▶ **INSTRUCTIONS TO FOLLOW**
Exactly the lines from the one containing "Indret dit hjem" through the one containing "- Optional awning" in the listing below are to be copied, with the pictures left out.

▶ **DATA FOR REVIEW**
▼
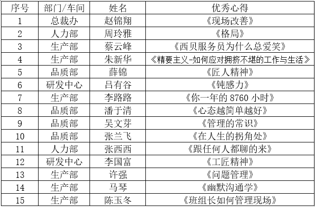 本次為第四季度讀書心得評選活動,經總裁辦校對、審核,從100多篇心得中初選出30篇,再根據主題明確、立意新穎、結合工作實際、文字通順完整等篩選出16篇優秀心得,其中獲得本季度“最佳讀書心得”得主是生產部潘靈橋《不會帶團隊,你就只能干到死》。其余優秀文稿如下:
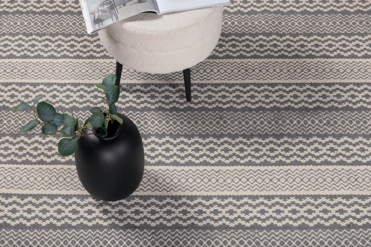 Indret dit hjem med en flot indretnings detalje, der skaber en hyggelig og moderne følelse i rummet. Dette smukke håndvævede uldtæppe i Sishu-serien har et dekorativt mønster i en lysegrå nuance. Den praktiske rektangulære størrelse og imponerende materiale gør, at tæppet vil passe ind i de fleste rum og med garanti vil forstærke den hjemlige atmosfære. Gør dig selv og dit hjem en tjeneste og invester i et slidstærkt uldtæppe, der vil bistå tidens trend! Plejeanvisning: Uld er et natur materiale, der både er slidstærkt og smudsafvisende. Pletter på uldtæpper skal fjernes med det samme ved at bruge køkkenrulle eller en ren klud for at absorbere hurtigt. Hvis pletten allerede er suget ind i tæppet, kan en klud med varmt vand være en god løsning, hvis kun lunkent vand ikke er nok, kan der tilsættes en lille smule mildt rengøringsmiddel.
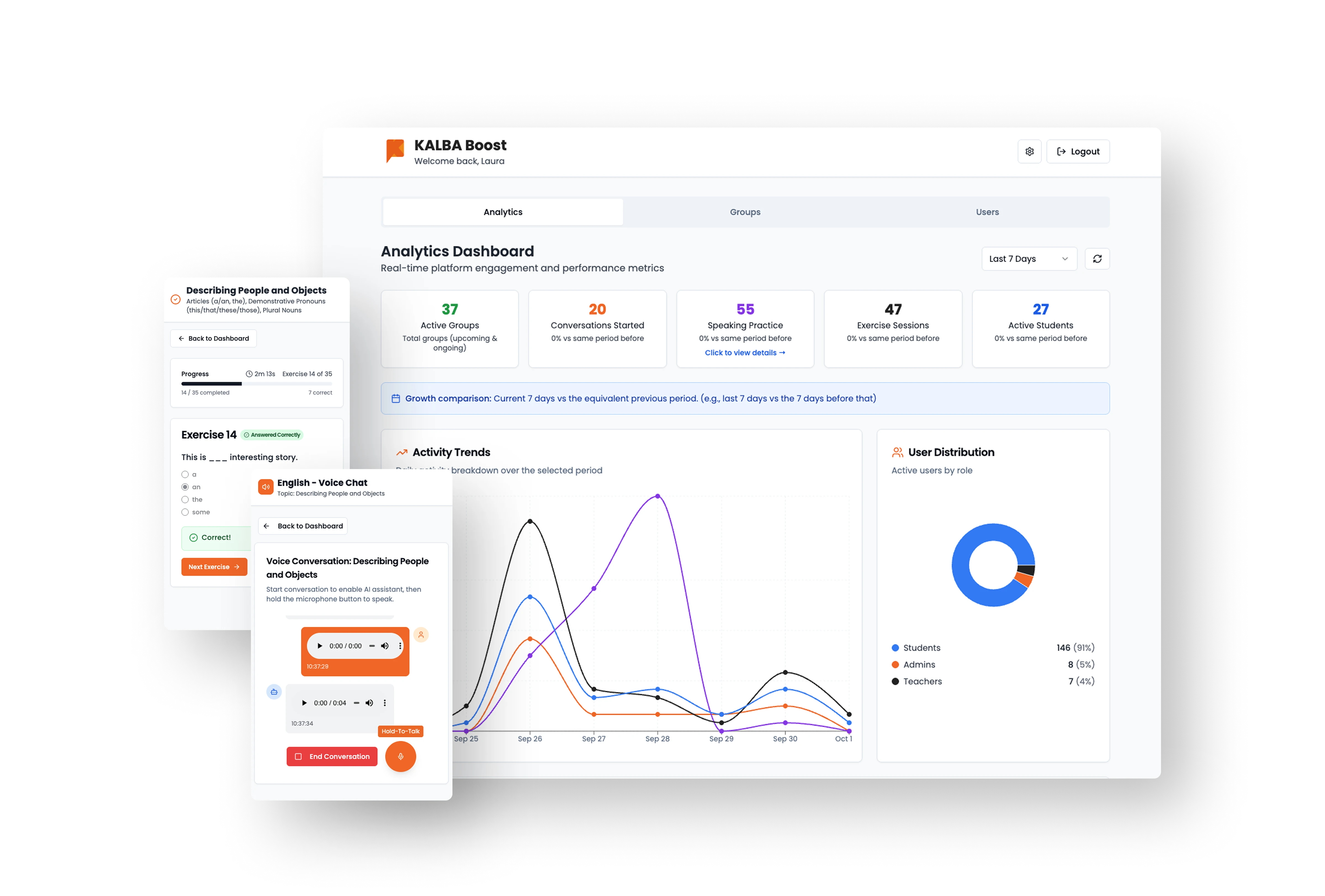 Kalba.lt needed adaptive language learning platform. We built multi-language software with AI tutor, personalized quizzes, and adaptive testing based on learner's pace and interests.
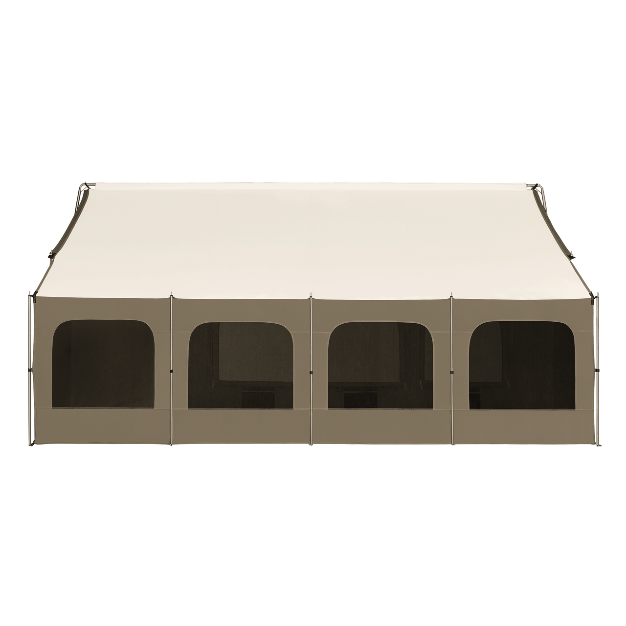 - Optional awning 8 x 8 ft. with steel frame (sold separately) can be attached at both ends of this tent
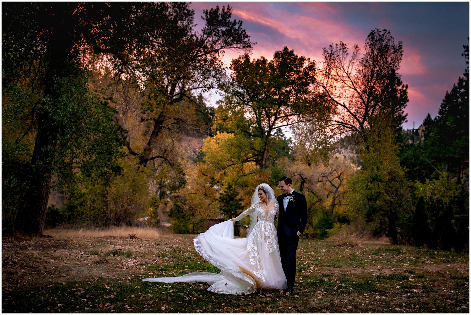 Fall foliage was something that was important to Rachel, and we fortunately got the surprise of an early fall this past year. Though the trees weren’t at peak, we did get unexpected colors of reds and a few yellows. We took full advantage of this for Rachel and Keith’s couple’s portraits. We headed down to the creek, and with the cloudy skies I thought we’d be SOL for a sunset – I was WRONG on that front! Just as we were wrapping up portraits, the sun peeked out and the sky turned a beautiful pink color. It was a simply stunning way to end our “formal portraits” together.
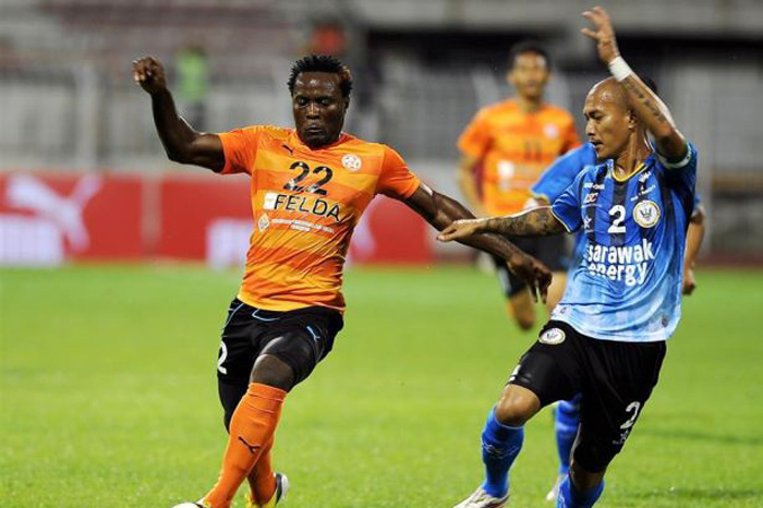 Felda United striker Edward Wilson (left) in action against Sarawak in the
▲
▼
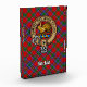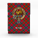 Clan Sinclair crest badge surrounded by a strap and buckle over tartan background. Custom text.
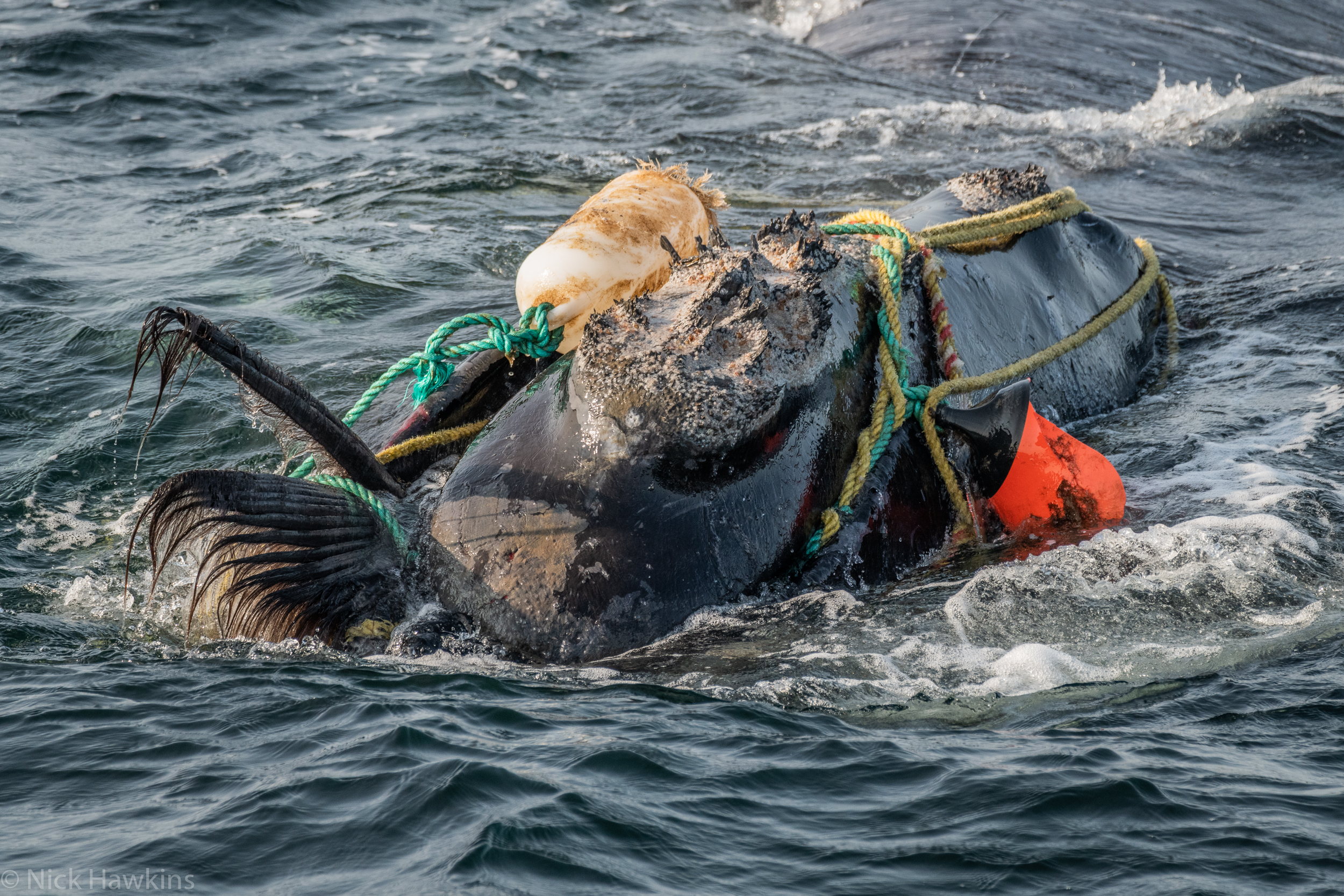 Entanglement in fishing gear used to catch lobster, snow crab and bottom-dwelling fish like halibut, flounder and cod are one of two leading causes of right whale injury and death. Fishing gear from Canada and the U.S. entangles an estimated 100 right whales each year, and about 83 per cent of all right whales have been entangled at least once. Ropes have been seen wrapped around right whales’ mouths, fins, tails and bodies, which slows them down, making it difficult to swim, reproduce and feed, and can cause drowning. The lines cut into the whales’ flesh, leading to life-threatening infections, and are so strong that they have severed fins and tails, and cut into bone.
▲
▶ **OUTPUT OF THE EXERCISE**
 Indret dit hjem med en flot indretnings detalje, der skaber en hyggelig og moderne følelse i rummet. Dette smukke håndvævede uldtæppe i Sishu-serien har et dekorativt mønster i en lysegrå nuance. Den praktiske rektangulære størrelse og imponerende materiale gør, at tæppet vil passe ind i de fleste rum og med garanti vil forstærke den hjemlige atmosfære. Gør dig selv og dit hjem en tjeneste og invester i et slidstærkt uldtæppe, der vil bistå tidens trend! Plejeanvisning: Uld er et natur materiale, der både er slidstærkt og smudsafvisende. Pletter på uldtæpper skal fjernes med det samme ved at bruge køkkenrulle eller en ren klud for at absorbere hurtigt. Hvis pletten allerede er suget ind i tæppet, kan en klud med varmt vand være en god løsning, hvis kun lunkent vand ikke er nok, kan der tilsættes en lille smule mildt rengøringsmiddel.
 Kalba.lt needed adaptive language learning platform. We built multi-language software with AI tutor, personalized quizzes, and adaptive testing based on learner's pace and interests.
 - Optional awning 8 x 8 ft. with steel frame (sold separately) can be attached at both ends of this tent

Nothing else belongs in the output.